# Work item
What you return should be the lines from the one with "Alunos do programa" through the one with "beehiiv offered the" in the data below, reproduced exactly with both ends, and no pictures at all.

# Information given
....................

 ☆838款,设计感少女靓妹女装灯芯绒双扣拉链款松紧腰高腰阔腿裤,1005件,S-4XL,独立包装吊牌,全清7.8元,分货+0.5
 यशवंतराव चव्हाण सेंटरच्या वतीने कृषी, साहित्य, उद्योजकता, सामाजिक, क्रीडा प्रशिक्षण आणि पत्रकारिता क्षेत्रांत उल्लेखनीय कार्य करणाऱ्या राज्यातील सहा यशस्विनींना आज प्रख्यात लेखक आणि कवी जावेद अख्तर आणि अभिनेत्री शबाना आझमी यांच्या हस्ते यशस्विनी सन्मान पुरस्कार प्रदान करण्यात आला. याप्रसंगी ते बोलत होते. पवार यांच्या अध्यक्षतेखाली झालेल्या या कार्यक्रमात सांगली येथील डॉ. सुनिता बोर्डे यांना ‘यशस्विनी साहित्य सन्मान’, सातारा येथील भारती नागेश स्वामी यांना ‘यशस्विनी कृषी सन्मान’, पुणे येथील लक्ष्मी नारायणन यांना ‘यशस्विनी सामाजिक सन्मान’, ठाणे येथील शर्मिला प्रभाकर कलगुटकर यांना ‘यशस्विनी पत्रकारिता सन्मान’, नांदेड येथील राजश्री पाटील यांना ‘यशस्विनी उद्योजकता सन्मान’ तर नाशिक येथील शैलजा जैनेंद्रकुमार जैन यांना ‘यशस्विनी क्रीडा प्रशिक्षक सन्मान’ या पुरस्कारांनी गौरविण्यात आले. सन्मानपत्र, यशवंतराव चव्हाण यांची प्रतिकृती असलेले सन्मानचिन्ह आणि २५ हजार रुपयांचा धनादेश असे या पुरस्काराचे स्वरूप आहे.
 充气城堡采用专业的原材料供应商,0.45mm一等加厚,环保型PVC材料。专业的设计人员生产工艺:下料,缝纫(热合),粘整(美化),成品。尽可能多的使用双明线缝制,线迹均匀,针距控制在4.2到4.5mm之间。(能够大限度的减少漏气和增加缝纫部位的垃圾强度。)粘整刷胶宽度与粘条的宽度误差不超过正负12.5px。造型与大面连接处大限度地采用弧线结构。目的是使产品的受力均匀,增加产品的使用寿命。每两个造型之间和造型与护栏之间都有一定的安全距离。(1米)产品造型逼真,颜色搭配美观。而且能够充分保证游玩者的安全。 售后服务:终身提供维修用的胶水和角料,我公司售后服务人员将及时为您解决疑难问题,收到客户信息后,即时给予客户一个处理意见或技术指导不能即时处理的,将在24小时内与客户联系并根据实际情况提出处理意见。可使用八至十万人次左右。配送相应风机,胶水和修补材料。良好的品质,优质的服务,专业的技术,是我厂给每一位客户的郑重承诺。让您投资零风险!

....................

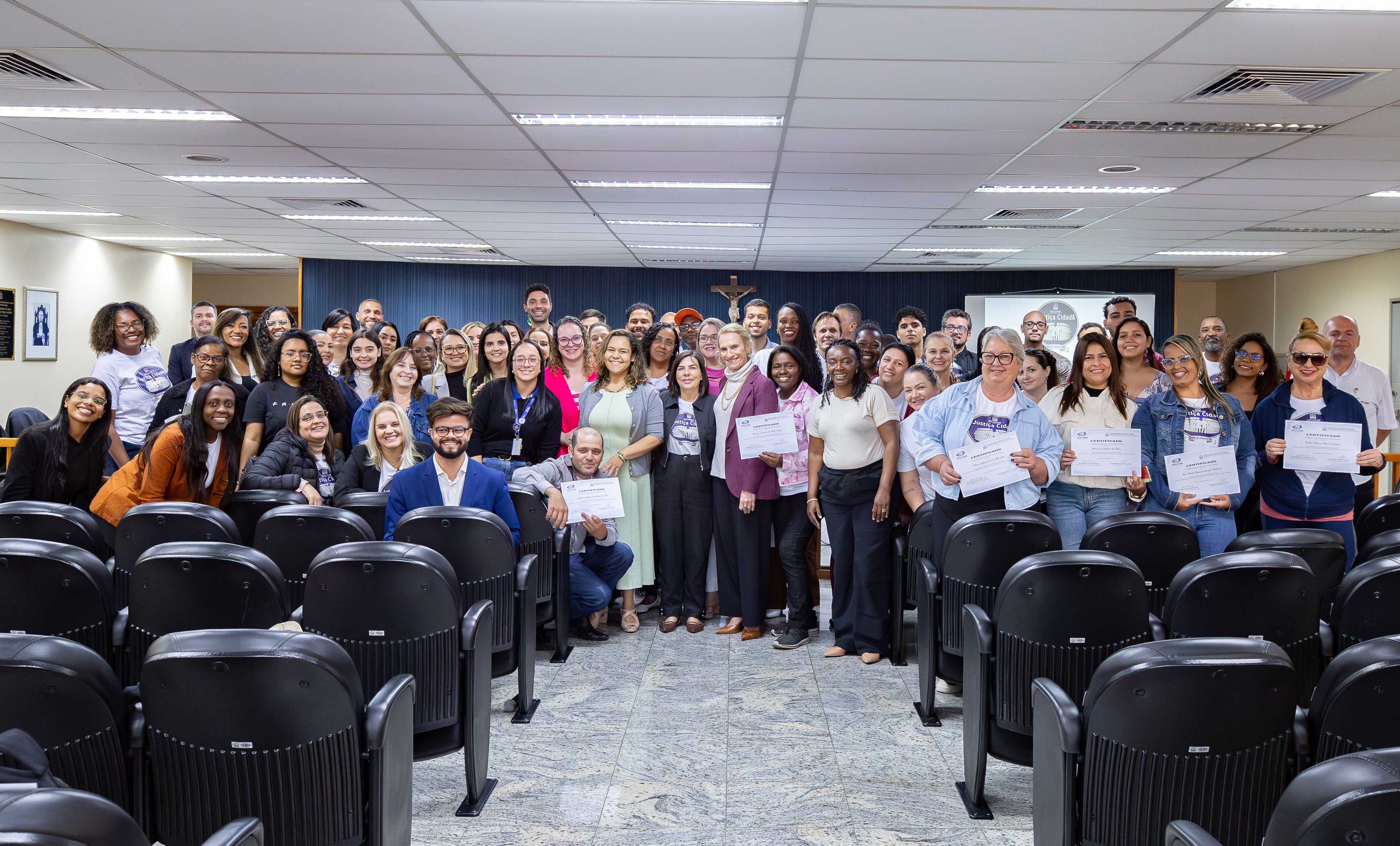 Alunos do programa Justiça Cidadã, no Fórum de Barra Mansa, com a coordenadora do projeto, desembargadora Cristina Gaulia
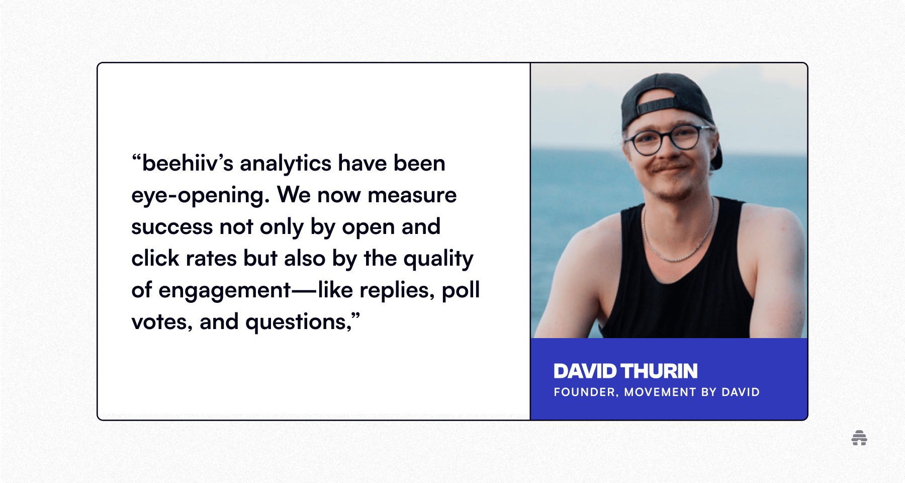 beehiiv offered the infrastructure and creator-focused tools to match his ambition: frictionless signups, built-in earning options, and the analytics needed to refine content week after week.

....................

# Exercise result
 Alunos do programa Justiça Cidadã, no Fórum de Barra Mansa, com a coordenadora do projeto, desembargadora Cristina Gaulia
 beehiiv offered the infrastructure and creator-focused tools to match his ambition: frictionless signups, built-in earning options, and the analytics needed to refine content week after week.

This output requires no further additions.